Reputation: 524
I am using PIL to draw an image and write text on it. After this, I want to draw and get bounding boxes coordinates [(x1, y1), (x2, y2)]
for the text on the image. How can I do this ? See below:
from IPython.display import Image
import PIL
from PIL import ImageFont
from PIL import Image
from PIL import ImageDraw
# Colour Codes
colours = {"black":(0,0,0),
"white": (255,255,255)
}
# Image Description
canvas_width = 200
canvas_height = 200
img_center = (canvas_width/2, canvas_height/2)
# Text Description
size = 50
text = "Text"
font = fonts[2]
font = ImageFont.truetype(font, size)
# File Description
image_name = text
# Generate data:
## Create image canvas
img=Image.new("RGBA", (canvas_width,canvas_height), colours["black"])

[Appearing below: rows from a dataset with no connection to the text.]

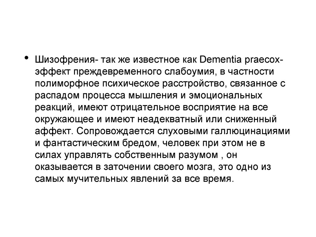 Шизофрения- так же известное как Dementia praecoxэффект преждевременного слабоумия, в частности
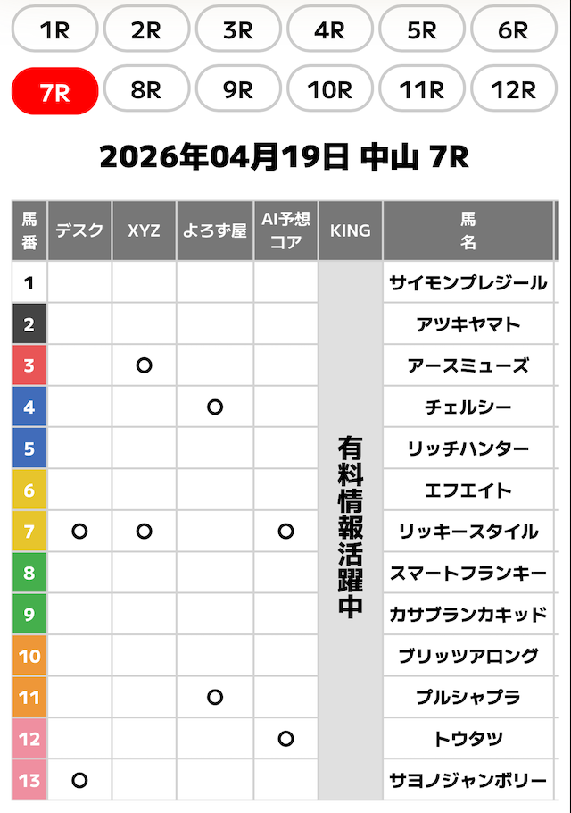 | XYZ | AIを用いた細かい分析が得意 穴予想特化型 |
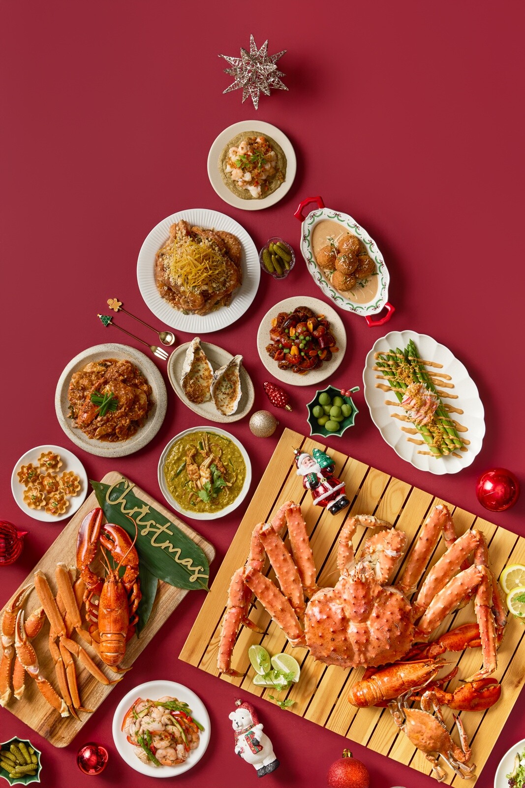 이번 프로모션의 메인 테마는 갑각류다. 제철을 맞아 살이 통통하게 오른 킹크랩, 로브스터, 대게, 꽃게, 새우를 찜과 구이 등으로 다양하게 선보인다. 셰프들의 아이디어로 재탄생한 칠리크랩, 푸팟퐁커리, 마라롱샤, 비퐁당 새우도 맛볼 수 있다. 그중 ‘비퐁당 새우’는 익힌 새우를 견과류에 버무리고 고구마채 튀김을 얹어 단맛과 짠맛의 조화가 일품이다.
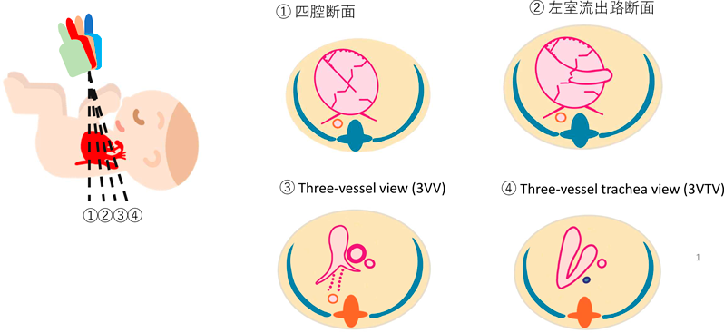 胎児では肺は水で満たされており,任意の方向から胎児心臓を描出できるため心臓CT検査のように胎児胸郭の水平断面をスキャンして心臓と大血管を評価する.具体的には,一定の手順で四腔断面(図1-①)を描出し,次はプローブを胎児の頭側へ動かすと左室から大動脈が起始する左室流出路断面(図1-②),さらに動かすと肺動脈,大動脈,上大静脈が一列に並ぶThree-vessel view(3VV:図1-③)が描出される.さらに頭側へ動かし大動脈と動脈管がV字型につながるThree-vessel trachea view(3VTV:図1-④)まで描出して心臓から両大血管と動脈管までを連続的に観察すれば,ほとんどの先天性心疾患の胎児診断は可能である7, 8).
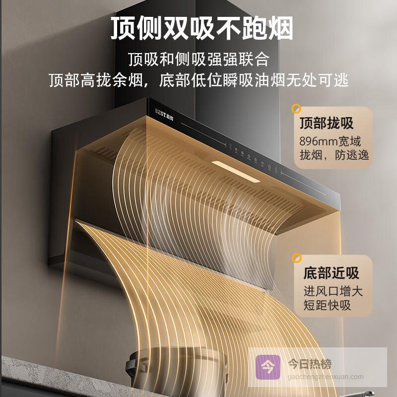 顶侧双吸设计:全面捕捉油烟,无角落死角,让空气清新又畅快。

draw = ImageDraw.Draw(img)
## Add text on canvas
draw.text(img_center, text, colours["white"], font=font, anchor="mm")
## Draw Bounding Box on Text
draw.rectangle(font.getbbox(text))
print("Text at:", font.getbbox(text))
# Display Image
draw = ImageDraw.Draw(img)
display(img)
# Save Image
# img.save(image_name+".png")
print("Image Saved as: ", image_name+".png")
Current output:
Upvotes: 0
Views: 6607
Reputation: 18925
If you want to have the bounding box of the text w.r.t. its location in the image, you need to call getbbox
on img
, not font
. Nevertheless, doing so will give unwanted behaviour also:
Text at: (0, 0, 200, 200)
That's because you initialize a RGBA
image without actually using the alpha channel. Thus, the alpha channel is 255
for all pixels, such that "the bounding box of the non-zero regions in the image" is just the full image. So, if there's no actual need for an alpha channel, simply initialize a RGB
image.
I shortened your code and applied the stated modifications:
from PIL import Image, ImageDraw, ImageFont
# Image
canvas_width = 200
canvas_height = 200
img_center = (canvas_width/2, canvas_height/2)
img = Image.new('RGB', (canvas_width, canvas_height), (0, 0, 0))
# Drawing
draw = ImageDraw.Draw(img)
font = ImageFont.truetype('arial.ttf', 50)
draw.text(img_center, 'Text', (255, 255, 255), font=font, anchor='mm')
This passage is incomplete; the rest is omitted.